THE PROBLEM.
Once you reach the line with "我が家にやってきたコンパクトガウラ。白い子が咲きました❗ 白蝶草の名にふさわしい花姿。 とても嬉しくなりました。", copy it and every line after it exactly, up to the end of the data. Omit the pictures.
(GIVEN DATA Opens)
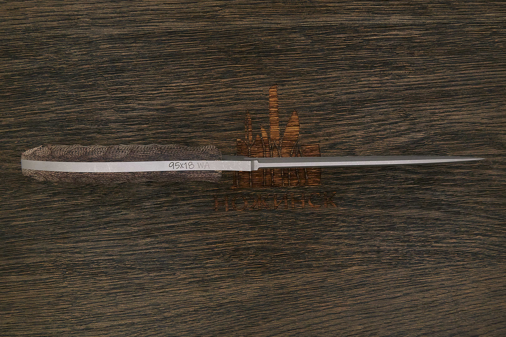 95Х18 – сложнолегированная мартенситная сталь отечественного производства, устойчивая к коррозии в атмосфере и умеренных агрессивных средах. Широко применяется в ножевом производстве, но достаточно сложна в обработке и требовательна к условиям ТО. При правильной термообработке сталь 95Х18 приобретает отличные режущие свойства и достигает твердости до 60-62 HRC. Обладает хорошей износостойкостью и прочностью. Сталь проста в обслуживании и не требует дополнительного ухода, хорошо полируется.
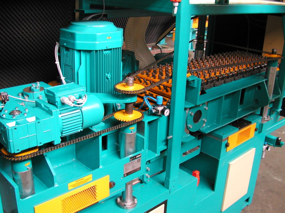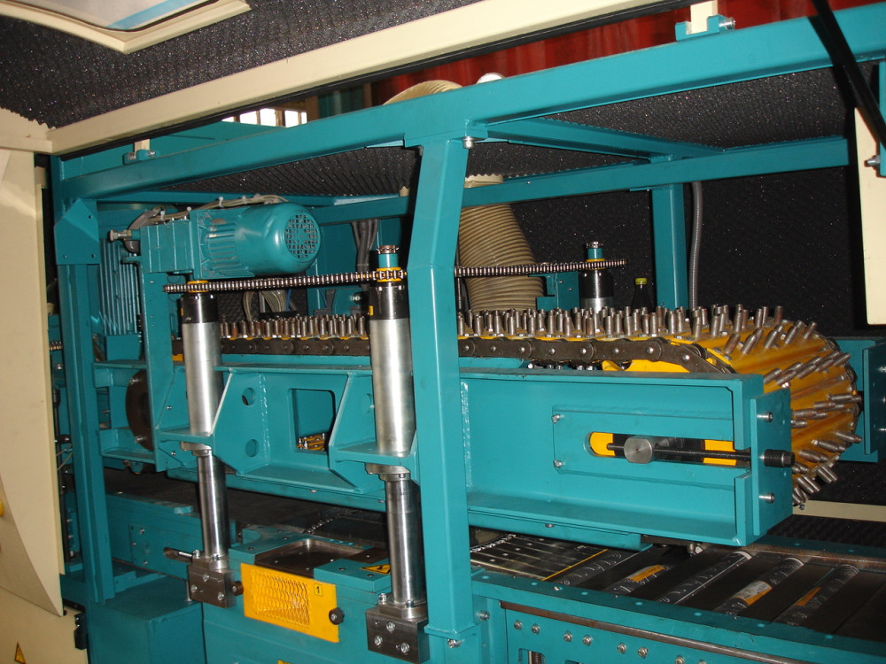Machine with bottom and top rotor as well as feeding chain above and feeding belt below, is used for planing of boards of various widths.
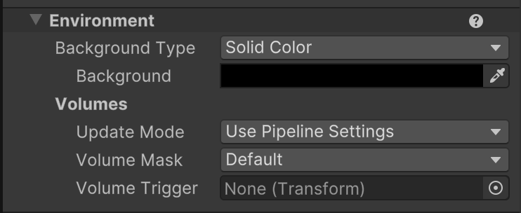 Since this assignment's scene focuses on UI, there is no need to render an environmental skybox as the background. Select the Main Camera in the hierachy. (You may notice compared to older assignments that the URP Camera has a lot of new features.) In the Inspector, scroll down to the Environment section and set the Background Type to a Solid Color of black.
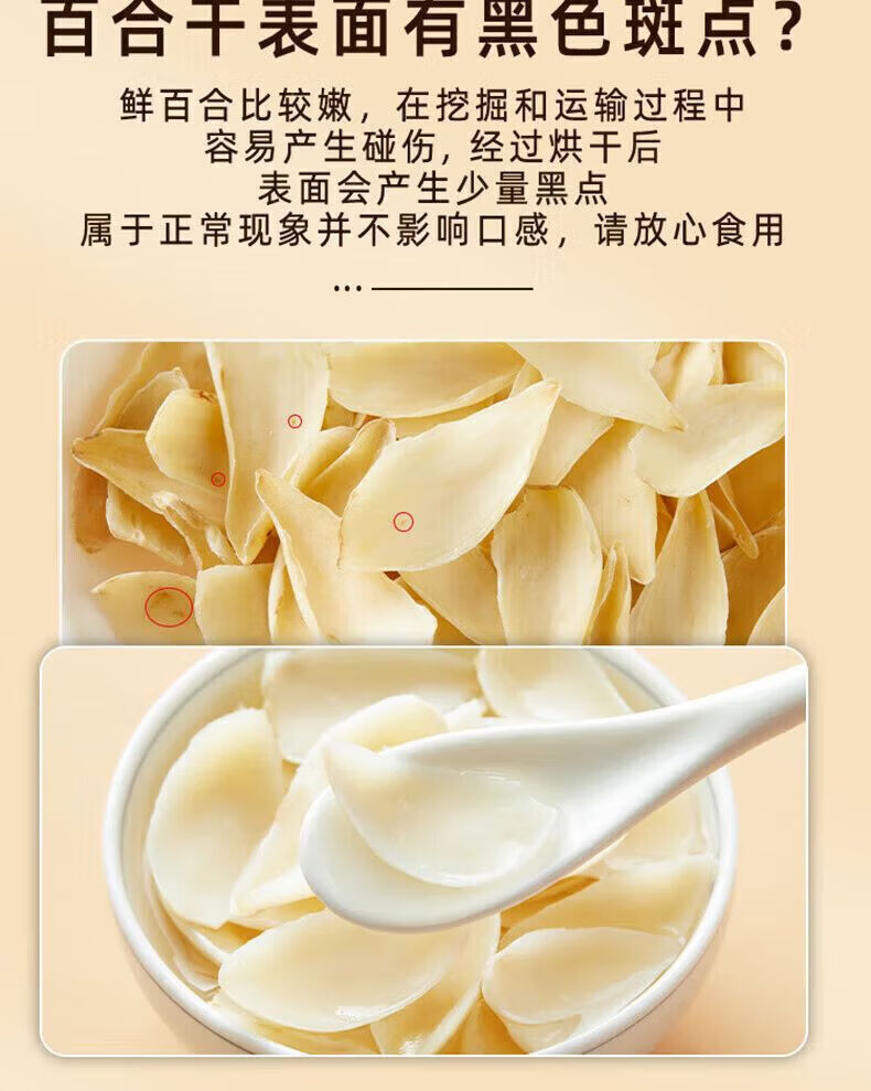 北京同仁堂百合干 无硫熏新鲜干百合特级泡水喝搭州龙山百合干中药材花煲汤 500g*1袋 百合干500克
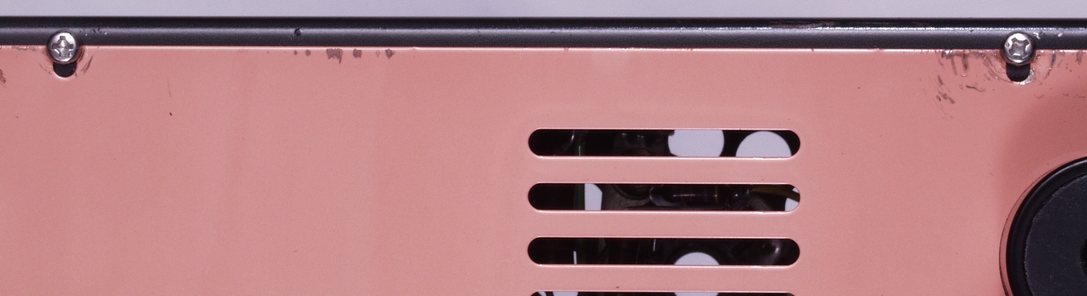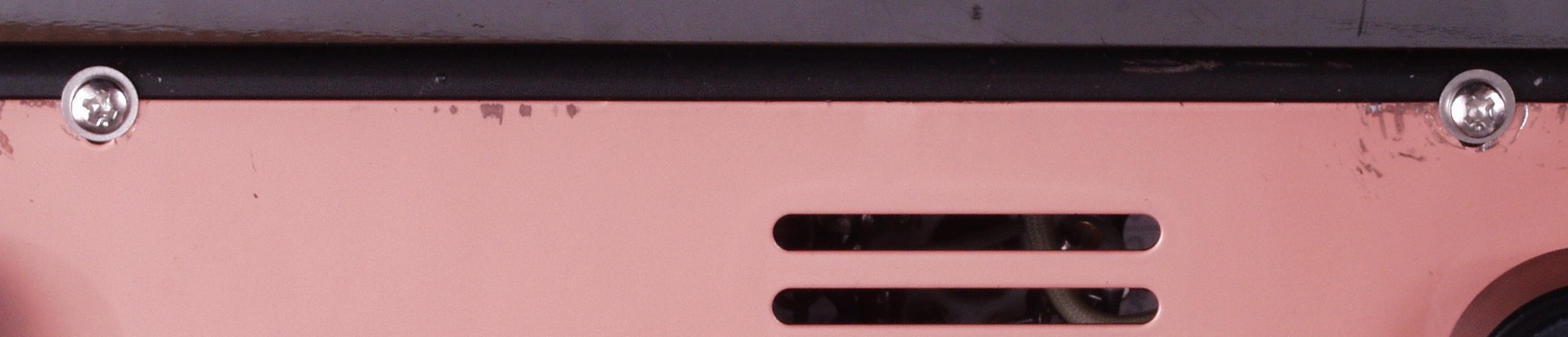 C76. 修理前 下蓋の右側止めネジ、ネジを頭の大きいのに交換し、平ワッシャーを入れる
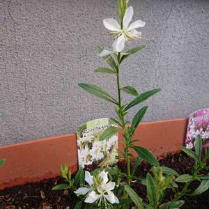 我が家にやってきたコンパクトガウラ。白い子が咲きました❗ 白蝶草の名にふさわしい花姿。 とても嬉しくなりました。
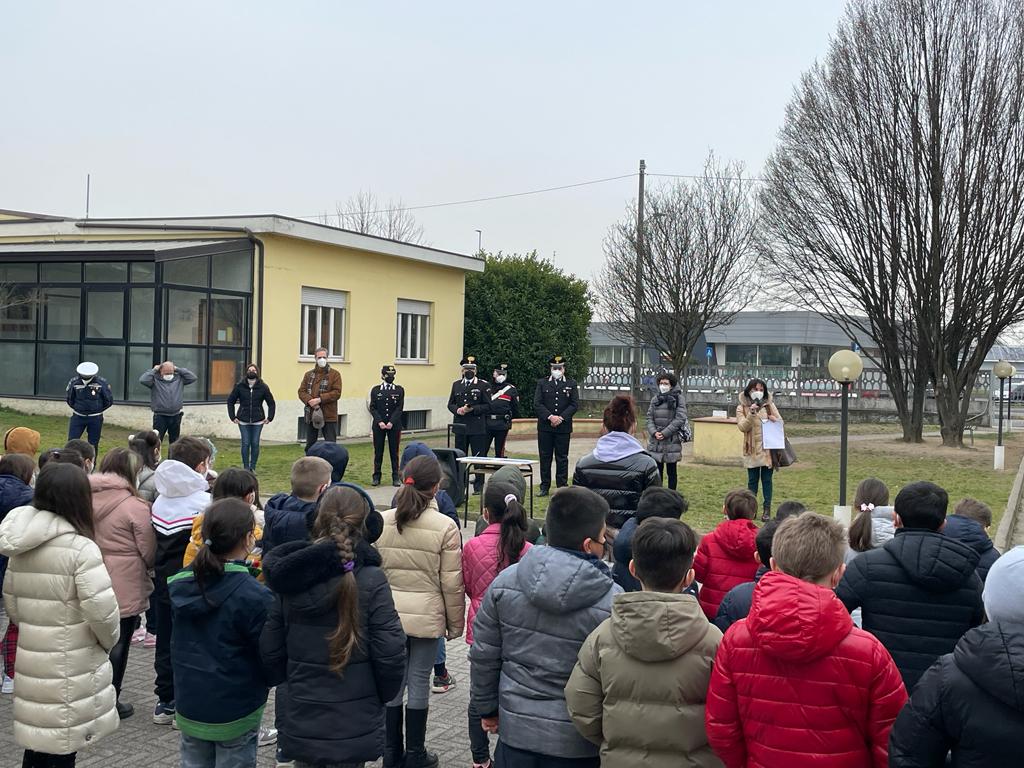 L’incontro tra personale scolastico, alunni e Carabinieri è stato organizzato e fortemente voluto dalla dirigente scolastica Maria Cristina Rabbaglio ed è stata una bellissima occasione di condivisione. Da una parte i bambini che, aiutati dalle loro insegnanti, hanno accolto i militari dell’Arma di Crema e Pandino cantando l’inno nazionale e dedicando loro due disegni e una poesia da loro composta e dall’altra il Comandante della Compagnia Carabinieri di Crema, Capitano Giovanni Meriano, il Comandante della Stazione di Pandino, Luogotenente Gerardo Giordano, e una pattuglia dell’Aliquota Radiomobile di Crema che hanno portato agli insegnanti e ai bambini il saluto di tutti i Carabinieri.
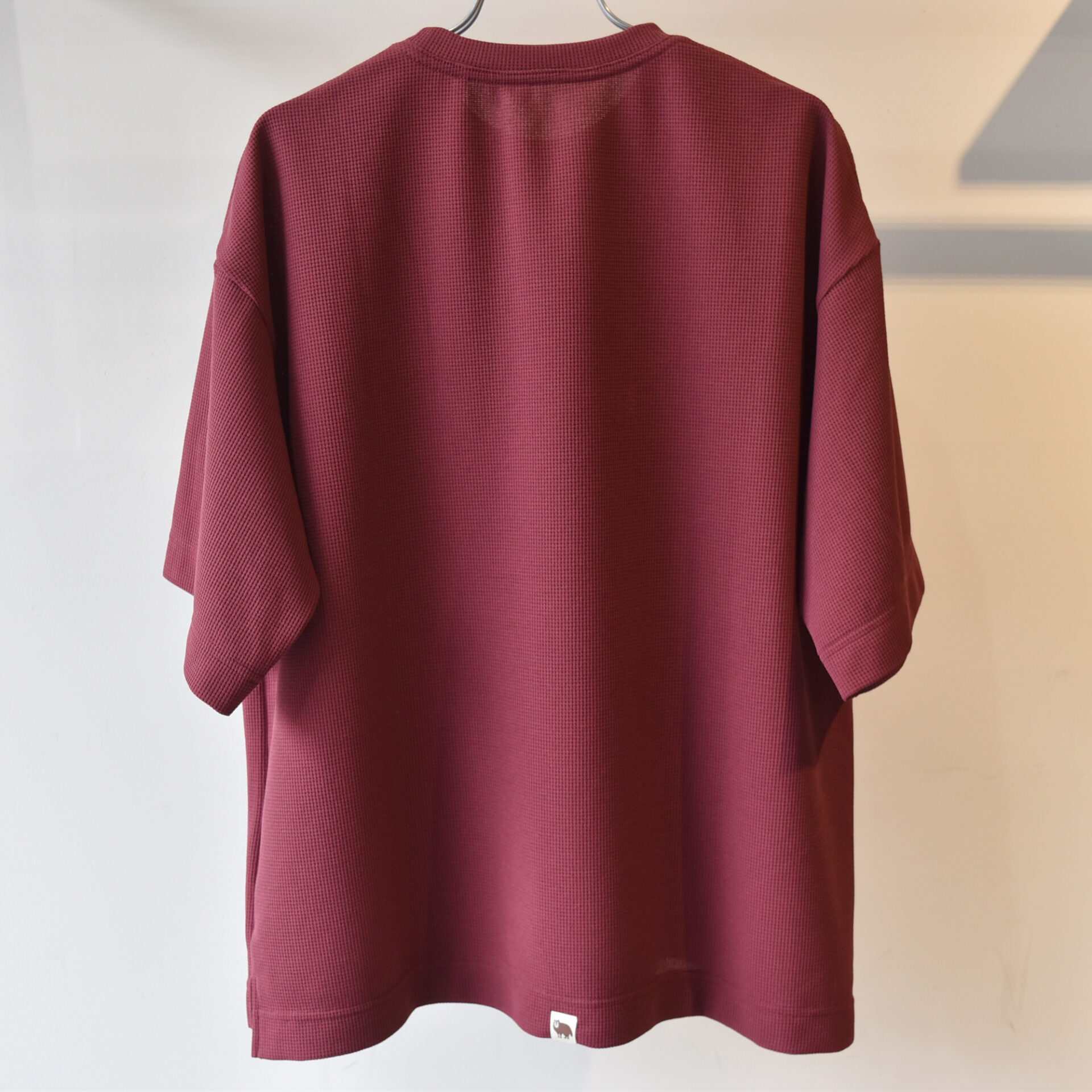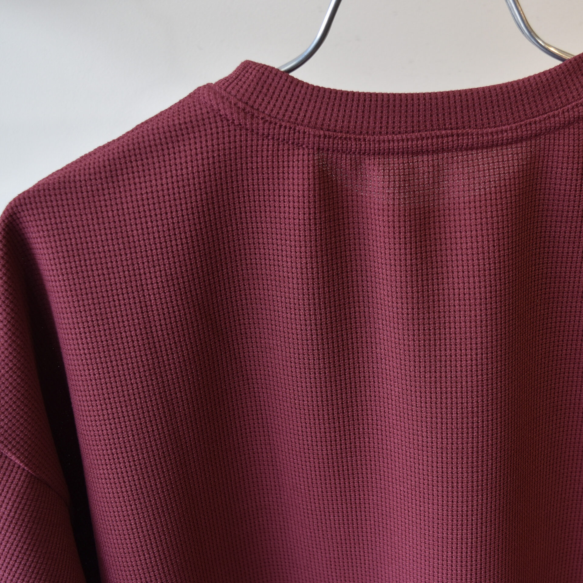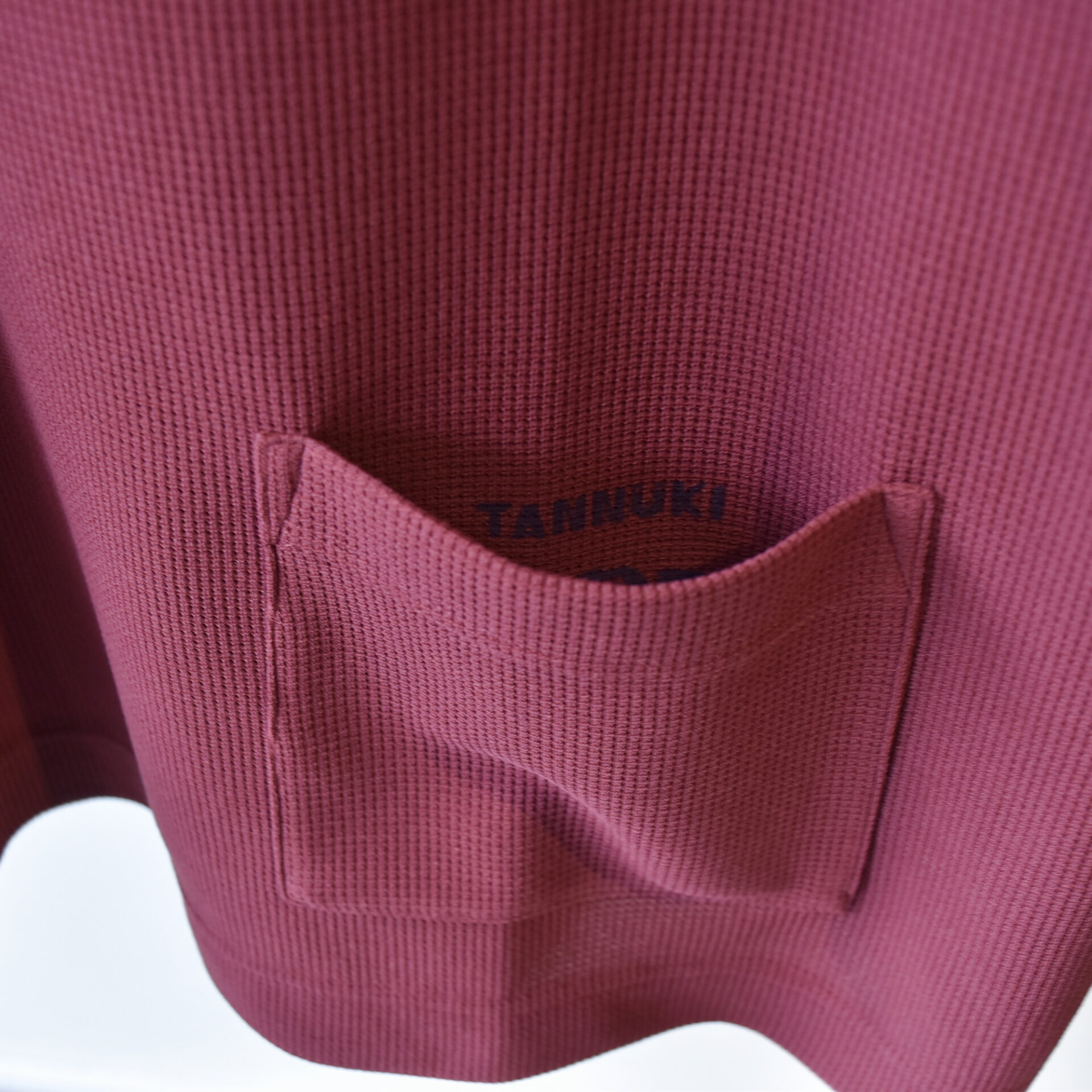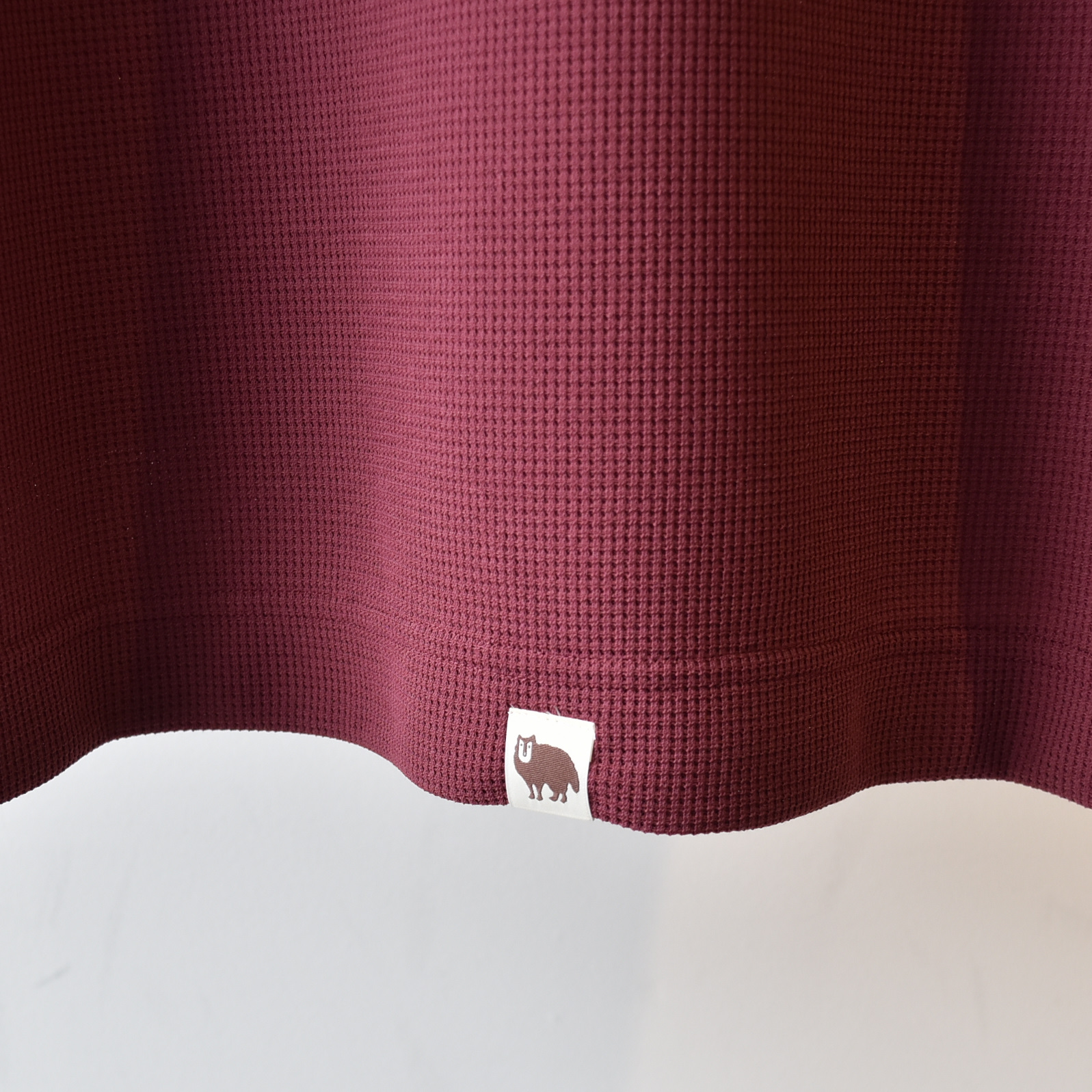 ワッフル素材の名前の由来はお菓子のワッフルから。ワッフルのように表面にマス目状の凹凸感のあるのが特徴です。凸凹によって肌にあたる面積が小さくなることでさらっとドライに着ていただけます。タオルやシーツなんかにワッフル素材が多く使われてきたのもその肌当たりの良さからです。構造上の利点が色々とありまして、糸と糸との間に空間があることから、吸水性、通気性、柔軟性に優れます。
(GIVEN DATA Closes)
OUTPUT FOR THIS EXERCISE.
 我が家にやってきたコンパクトガウラ。白い子が咲きました❗ 白蝶草の名にふさわしい花姿。 とても嬉しくなりました。
 L’incontro tra personale scolastico, alunni e Carabinieri è stato organizzato e fortemente voluto dalla dirigente scolastica Maria Cristina Rabbaglio ed è stata una bellissima occasione di condivisione. Da una parte i bambini che, aiutati dalle loro insegnanti, hanno accolto i militari dell’Arma di Crema e Pandino cantando l’inno nazionale e dedicando loro due disegni e una poesia da loro composta e dall’altra il Comandante della Compagnia Carabinieri di Crema, Capitano Giovanni Meriano, il Comandante della Stazione di Pandino, Luogotenente Gerardo Giordano, e una pattuglia dell’Aliquota Radiomobile di Crema che hanno portato agli insegnanti e ai bambini il saluto di tutti i Carabinieri.
 ワッフル素材の名前の由来はお菓子のワッフルから。ワッフルのように表面にマス目状の凹凸感のあるのが特徴です。凸凹によって肌にあたる面積が小さくなることでさらっとドライに着ていただけます。タオルやシーツなんかにワッフル素材が多く使われてきたのもその肌当たりの良さからです。構造上の利点が色々とありまして、糸と糸との間に空間があることから、吸水性、通気性、柔軟性に優れます。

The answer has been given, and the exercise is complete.